Member of the Malaysian Parliament for Ulu Selangor
- In office 26 April 1982 – 2 August 1986
- Preceded by: Michael Chen (MCA-BN)
- Succeeded by: S. Subramaniam (MIC-BN)
- Majority: 7,377 (1982)

Member of the Selangor State Legislative Assembly for Rawang
- In office 14 September 1974 – 21 April 1982
- Preceded by: Constituency established
- Succeeded by: Tang See Hang (MCA-BN)
- Majority: 1,374 (1974) 3,196 (1978)

Personal details
- Born: 1 March 1937 Rawang, Selangor, Federated Malay States, British Malaya (now Malaysia)
- Died: 24 November 2019 (aged 82) Jalan Setia Bakti, Bukit Damansara, Kuala Lumpur, Malaysia
- Resting place: Xiao En Nilai Memorial Park, 286 Km, KL-Seremban Highway (South Bound), Nilai, Negeri Sembilan, Malaysia
- Citizenship: Malaysian
- Party: Malayan Chinese Association (MCA)
- Spouse: Puan Sri Datin Sri Wan Yuet Fong
- Children: Boon Kuan, Boon Tim, Boon Siew, Boon Cheng

= Lee Kim Sai =

Malaysian politician (1937–2019)

Lee Kim Sai (李金獅 (李金狮, Lǐ Jīnshī)) (1 March 1937 – 24 November 2019) was a Malaysian politician.
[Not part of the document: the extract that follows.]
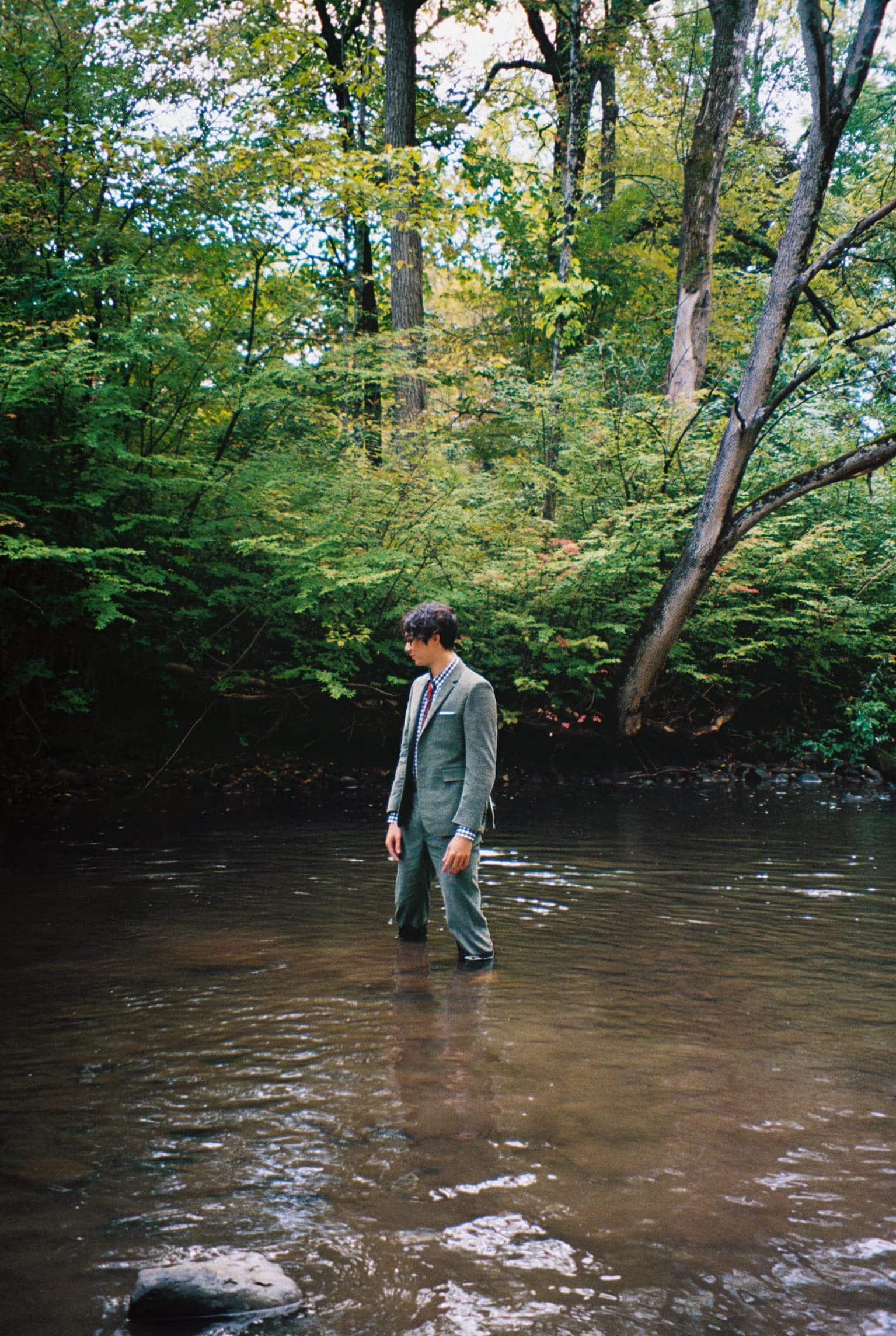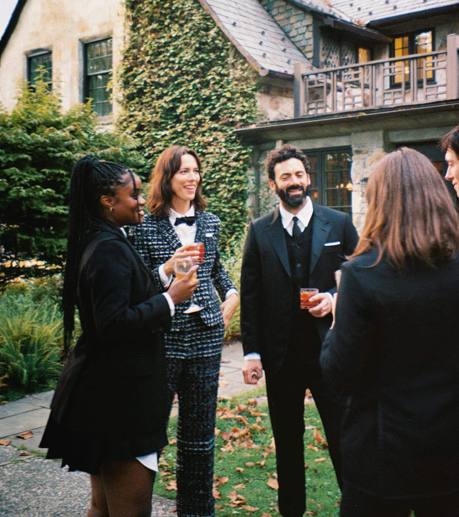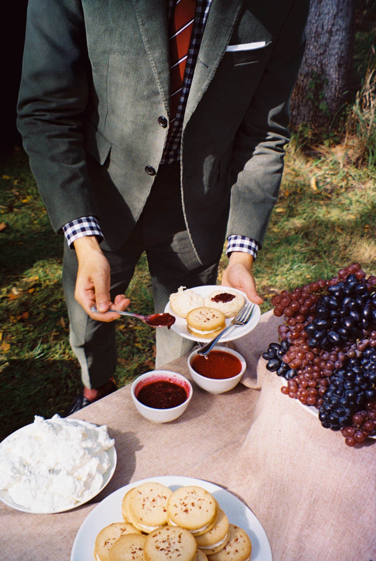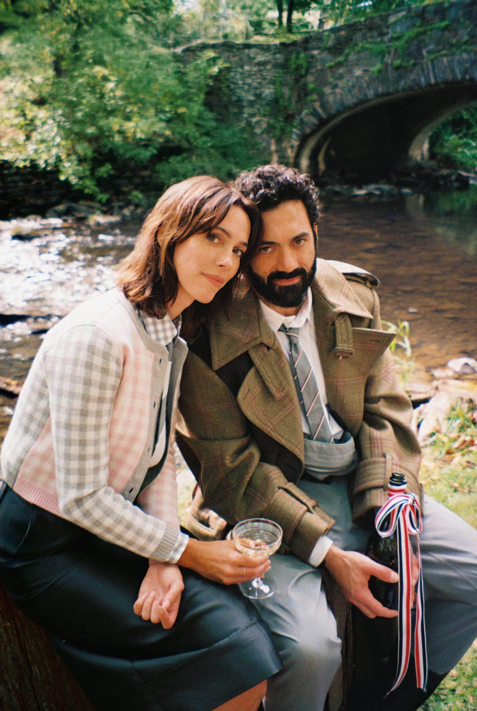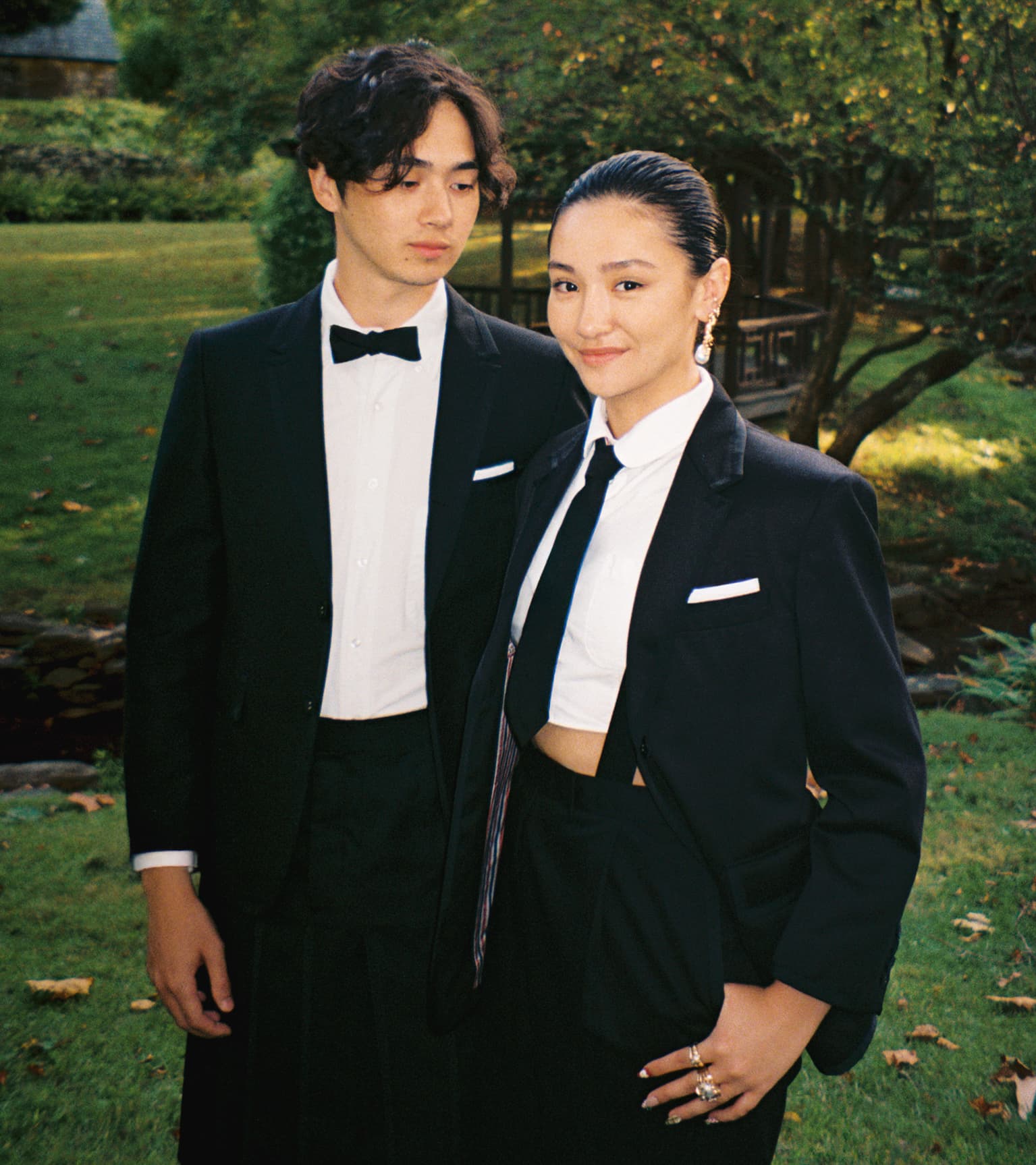 Photographed with quiet intimacy, the images recall a modern American tableau: friends gathered by a creek, backgammon boards on white iron tables, tuxedos softened by down-filled coats. Each frame is deliberate yet unforced, as though structure itself has learned to breathe. Browne’s signatures—4-bar stripes, collegiate plaids, shrunken tailoring—blend seamlessly into the autumnal terrain, transforming technical outerwear into symbols of belonging.
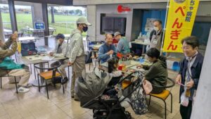 2025/11/01 【”おやべ元気フェス2025”に出張診療しました!】 11月1日(土)「おもちゃ病院ぺんぎん」は”おやべ元気フェス2025”に出張診療しました。 会場では、”ぺんぎん”からは3名、”富山おもちゃ病院”から上木院長のお手伝いをいただき「(仮称)小矢部市おもちゃ病院ドクター見習い」の6名と一緒に会場でお客様をお迎えしました。 受付人数は11人、受付個数は15個、入院は3個となりました。

In the 1980s and 1990s, he served as Labour Minister (1985–1989), Housing and Local Government Minister (1989–1990) and Health Minister (1990–1995); and was deputy president of Malaysian Chinese Association (MCA) (1986–1996), a major component party of the Barisan Nasional (BN) coalition.

==Early life==
Lee was born on 1 March 1937 to a poor family in Ulu Klang, Selangor, and was brought up in Jinjang, Kuala Lumpur. He was educated at Chong Hwa High School in Kuala Lumpur, then trained as a teacher at the Teachers' Training College in Kuala Lumpur. He started teaching in 1957, and rose to become the principal of Kepong Chinese School.

==Political career==

Lee joined the MCA in 1965, and stood for Selangor State Legislative Assembly constituency of Kepong in the 1969 general election, but lost to Tan Chee Khoon of the Parti Gerakan Rakyat Malaysia (Gerakan). In the 1974 general election he contested and won the Rawang state seat, which he retained in the 1978 election. He became head of the MCA Youth in 1979, and was elected vice-president of the MCA the same year. He was elected as the Member of Parliament (MP) in the 1982 general election for Ulu Selangor, and was appointed deputy minister in the Prime Minister's Department.

In 1984, in a row over allegations of fictitious membership that supported the Acting President Dr. Neo Yee Pan, he was expelled from the MCA along with Tan Koon Swan, Ling Liong Sik and others by the Acting President. In the ensuing party election to resolve the crisis, Tan Koon Swan was elected president with the largest majority in the party's history, and Lee was elected one of the party vice-presidents as well as the secretary general. Tan however resigned the next year over a scandal involving his business dealings in Singapore, and Ling Liong Sik took over as president while Lee moved up to become the Deputy President. Lee was appointed Minister of Labour in 1985, and in 1989, he became Minister of Housing and Local Government. He then became the Minister of Health from 1990 until 1995. Lee also successfully won the Hulu Langat federal constituency for two terms consecutively in both the 1986 general election and 1990 general election.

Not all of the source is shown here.